:: PROBLEM DETAILS ::
Only one stretch of the listing below is wanted. Give it again exactly, from the line with "The tombs of" through the line with "The improvement of".

** Opening INPUT RECORDS block **

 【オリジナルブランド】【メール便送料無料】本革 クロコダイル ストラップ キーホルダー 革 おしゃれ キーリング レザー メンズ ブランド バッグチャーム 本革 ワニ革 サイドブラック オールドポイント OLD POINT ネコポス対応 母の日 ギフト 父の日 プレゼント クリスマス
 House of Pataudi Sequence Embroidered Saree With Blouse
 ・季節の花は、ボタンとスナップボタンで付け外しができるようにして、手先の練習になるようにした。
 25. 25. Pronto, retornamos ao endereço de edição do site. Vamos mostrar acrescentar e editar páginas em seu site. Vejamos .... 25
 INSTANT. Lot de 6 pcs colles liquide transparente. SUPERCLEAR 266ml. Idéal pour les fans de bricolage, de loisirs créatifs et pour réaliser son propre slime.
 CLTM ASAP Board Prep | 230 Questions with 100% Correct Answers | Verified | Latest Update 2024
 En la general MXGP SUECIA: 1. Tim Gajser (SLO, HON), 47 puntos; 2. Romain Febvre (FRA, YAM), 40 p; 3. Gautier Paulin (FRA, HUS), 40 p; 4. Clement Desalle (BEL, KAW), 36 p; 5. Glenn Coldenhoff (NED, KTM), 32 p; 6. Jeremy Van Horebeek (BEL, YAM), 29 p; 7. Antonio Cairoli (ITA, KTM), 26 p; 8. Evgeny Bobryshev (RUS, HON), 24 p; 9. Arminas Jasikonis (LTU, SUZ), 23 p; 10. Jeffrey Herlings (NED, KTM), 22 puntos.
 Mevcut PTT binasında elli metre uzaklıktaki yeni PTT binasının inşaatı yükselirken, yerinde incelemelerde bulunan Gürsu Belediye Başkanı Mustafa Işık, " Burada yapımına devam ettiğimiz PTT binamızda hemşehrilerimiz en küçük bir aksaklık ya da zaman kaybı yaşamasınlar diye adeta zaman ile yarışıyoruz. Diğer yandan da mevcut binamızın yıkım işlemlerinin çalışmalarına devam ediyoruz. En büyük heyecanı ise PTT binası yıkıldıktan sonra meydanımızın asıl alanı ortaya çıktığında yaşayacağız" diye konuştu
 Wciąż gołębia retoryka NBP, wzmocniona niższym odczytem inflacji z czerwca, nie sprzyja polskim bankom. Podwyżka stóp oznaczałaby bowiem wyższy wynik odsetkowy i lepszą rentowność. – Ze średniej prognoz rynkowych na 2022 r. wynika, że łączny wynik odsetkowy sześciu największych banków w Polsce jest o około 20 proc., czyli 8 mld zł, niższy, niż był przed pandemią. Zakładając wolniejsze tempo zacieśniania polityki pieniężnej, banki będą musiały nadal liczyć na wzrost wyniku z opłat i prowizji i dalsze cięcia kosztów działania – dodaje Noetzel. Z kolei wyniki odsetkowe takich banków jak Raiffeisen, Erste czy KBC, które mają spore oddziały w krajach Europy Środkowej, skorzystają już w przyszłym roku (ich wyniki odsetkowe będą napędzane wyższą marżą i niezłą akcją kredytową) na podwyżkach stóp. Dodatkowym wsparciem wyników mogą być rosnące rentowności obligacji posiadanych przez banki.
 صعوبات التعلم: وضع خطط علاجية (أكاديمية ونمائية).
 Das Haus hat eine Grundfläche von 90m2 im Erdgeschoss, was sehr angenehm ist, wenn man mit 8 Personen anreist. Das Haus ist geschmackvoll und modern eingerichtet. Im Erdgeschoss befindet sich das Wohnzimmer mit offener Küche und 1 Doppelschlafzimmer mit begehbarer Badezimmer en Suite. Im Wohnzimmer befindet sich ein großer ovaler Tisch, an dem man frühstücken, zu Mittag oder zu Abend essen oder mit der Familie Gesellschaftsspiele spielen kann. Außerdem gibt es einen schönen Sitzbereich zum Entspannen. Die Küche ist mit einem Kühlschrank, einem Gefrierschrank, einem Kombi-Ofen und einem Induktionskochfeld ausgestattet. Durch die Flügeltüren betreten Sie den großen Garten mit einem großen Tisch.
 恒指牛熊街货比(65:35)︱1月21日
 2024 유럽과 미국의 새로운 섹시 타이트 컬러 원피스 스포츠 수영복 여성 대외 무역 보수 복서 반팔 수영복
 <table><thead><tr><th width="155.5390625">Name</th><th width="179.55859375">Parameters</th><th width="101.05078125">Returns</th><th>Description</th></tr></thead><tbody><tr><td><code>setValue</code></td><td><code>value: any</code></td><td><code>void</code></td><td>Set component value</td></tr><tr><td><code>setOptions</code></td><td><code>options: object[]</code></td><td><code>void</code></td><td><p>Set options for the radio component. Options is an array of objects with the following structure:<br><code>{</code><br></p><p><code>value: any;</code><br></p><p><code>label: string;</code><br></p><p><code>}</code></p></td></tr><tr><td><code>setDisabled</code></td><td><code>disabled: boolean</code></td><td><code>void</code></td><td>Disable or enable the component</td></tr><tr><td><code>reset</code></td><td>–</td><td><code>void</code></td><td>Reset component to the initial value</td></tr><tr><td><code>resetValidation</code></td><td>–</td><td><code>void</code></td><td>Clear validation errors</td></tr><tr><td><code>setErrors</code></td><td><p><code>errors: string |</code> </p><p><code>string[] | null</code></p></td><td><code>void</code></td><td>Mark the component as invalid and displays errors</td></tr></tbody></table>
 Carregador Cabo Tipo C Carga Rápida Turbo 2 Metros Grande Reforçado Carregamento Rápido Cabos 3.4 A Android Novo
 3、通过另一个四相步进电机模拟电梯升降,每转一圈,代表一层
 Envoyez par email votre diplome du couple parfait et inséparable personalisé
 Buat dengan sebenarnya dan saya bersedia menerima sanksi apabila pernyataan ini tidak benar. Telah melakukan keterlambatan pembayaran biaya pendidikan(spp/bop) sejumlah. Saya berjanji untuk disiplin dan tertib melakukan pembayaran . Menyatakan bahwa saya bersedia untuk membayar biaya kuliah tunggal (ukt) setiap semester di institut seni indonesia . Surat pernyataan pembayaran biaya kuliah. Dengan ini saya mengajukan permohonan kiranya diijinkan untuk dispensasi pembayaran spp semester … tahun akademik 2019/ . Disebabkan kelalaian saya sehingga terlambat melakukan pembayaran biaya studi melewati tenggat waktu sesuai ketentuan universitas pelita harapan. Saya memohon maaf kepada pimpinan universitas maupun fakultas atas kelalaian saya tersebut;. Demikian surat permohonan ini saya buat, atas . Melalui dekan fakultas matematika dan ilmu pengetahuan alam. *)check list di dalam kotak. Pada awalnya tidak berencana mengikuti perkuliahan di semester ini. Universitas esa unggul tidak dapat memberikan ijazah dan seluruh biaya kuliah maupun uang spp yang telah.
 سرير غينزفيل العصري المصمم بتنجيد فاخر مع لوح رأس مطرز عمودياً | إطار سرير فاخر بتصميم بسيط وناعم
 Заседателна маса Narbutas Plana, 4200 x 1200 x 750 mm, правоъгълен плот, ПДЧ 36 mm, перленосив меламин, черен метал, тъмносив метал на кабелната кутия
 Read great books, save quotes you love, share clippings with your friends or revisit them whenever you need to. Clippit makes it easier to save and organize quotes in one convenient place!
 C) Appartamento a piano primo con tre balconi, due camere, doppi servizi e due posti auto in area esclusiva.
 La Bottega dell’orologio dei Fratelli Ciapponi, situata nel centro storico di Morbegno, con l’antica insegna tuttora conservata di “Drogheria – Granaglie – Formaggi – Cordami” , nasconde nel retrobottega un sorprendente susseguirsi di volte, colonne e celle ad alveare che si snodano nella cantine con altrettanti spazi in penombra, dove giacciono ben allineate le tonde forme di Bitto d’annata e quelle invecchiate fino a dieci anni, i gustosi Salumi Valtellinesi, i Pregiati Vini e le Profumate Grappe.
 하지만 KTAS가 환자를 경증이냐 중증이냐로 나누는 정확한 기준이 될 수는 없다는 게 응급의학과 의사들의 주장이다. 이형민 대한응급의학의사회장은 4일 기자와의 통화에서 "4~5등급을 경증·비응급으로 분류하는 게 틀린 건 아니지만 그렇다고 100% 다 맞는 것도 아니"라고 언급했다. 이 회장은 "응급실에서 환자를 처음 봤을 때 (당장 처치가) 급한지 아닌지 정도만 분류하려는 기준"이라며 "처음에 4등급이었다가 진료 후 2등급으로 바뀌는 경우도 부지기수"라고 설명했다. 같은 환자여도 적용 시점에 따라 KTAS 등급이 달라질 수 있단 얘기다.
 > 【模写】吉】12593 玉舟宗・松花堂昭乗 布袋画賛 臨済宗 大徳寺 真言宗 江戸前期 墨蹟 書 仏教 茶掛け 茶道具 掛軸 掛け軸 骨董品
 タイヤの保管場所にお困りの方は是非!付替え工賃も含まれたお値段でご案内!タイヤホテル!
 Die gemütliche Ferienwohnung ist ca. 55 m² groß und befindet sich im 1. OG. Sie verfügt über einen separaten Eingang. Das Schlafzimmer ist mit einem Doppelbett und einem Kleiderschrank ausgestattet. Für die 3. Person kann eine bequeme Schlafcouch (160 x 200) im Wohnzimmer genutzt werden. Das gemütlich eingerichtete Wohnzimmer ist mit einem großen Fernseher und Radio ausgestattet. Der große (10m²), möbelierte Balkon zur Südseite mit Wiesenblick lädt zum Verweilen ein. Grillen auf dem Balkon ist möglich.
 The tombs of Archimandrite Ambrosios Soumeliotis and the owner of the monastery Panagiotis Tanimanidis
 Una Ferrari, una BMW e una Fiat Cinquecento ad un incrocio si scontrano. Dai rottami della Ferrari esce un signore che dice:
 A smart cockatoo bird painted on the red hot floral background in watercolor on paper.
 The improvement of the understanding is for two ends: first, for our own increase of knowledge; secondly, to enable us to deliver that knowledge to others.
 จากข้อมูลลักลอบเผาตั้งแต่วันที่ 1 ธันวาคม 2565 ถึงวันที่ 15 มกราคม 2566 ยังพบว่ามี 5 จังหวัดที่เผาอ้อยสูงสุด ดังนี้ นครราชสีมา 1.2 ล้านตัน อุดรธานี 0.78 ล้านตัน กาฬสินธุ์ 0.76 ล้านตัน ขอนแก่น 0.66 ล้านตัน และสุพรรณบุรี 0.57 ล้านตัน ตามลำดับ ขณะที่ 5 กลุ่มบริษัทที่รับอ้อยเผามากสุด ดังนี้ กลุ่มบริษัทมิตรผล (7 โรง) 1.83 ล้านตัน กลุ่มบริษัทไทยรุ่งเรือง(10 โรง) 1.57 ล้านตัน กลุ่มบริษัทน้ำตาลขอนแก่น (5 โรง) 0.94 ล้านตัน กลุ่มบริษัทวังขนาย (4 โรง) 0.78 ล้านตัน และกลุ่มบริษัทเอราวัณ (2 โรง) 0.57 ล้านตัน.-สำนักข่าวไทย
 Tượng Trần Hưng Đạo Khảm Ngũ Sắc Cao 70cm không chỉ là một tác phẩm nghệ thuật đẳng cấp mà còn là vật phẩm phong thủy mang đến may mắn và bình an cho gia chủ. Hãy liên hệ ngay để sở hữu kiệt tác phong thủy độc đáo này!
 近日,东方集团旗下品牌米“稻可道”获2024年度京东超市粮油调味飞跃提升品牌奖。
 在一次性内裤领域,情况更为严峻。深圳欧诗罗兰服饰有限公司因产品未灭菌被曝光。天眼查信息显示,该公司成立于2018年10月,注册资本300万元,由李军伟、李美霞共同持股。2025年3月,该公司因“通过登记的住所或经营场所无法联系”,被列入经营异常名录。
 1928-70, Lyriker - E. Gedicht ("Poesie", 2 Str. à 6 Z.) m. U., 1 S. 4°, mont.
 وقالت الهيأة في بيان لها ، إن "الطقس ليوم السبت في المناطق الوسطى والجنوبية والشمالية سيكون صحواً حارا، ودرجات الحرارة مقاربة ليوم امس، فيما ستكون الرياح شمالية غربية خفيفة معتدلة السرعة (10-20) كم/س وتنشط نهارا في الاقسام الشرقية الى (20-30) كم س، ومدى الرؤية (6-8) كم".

** Closing INPUT RECORDS block **

:: TASK SOLUTION ::
 The tombs of Archimandrite Ambrosios Soumeliotis and the owner of the monastery Panagiotis Tanimanidis
 Una Ferrari, una BMW e una Fiat Cinquecento ad un incrocio si scontrano. Dai rottami della Ferrari esce un signore che dice:
 A smart cockatoo bird painted on the red hot floral background in watercolor on paper.
 The improvement of the understanding is for two ends: first, for our own increase of knowledge; secondly, to enable us to deliver that knowledge to others.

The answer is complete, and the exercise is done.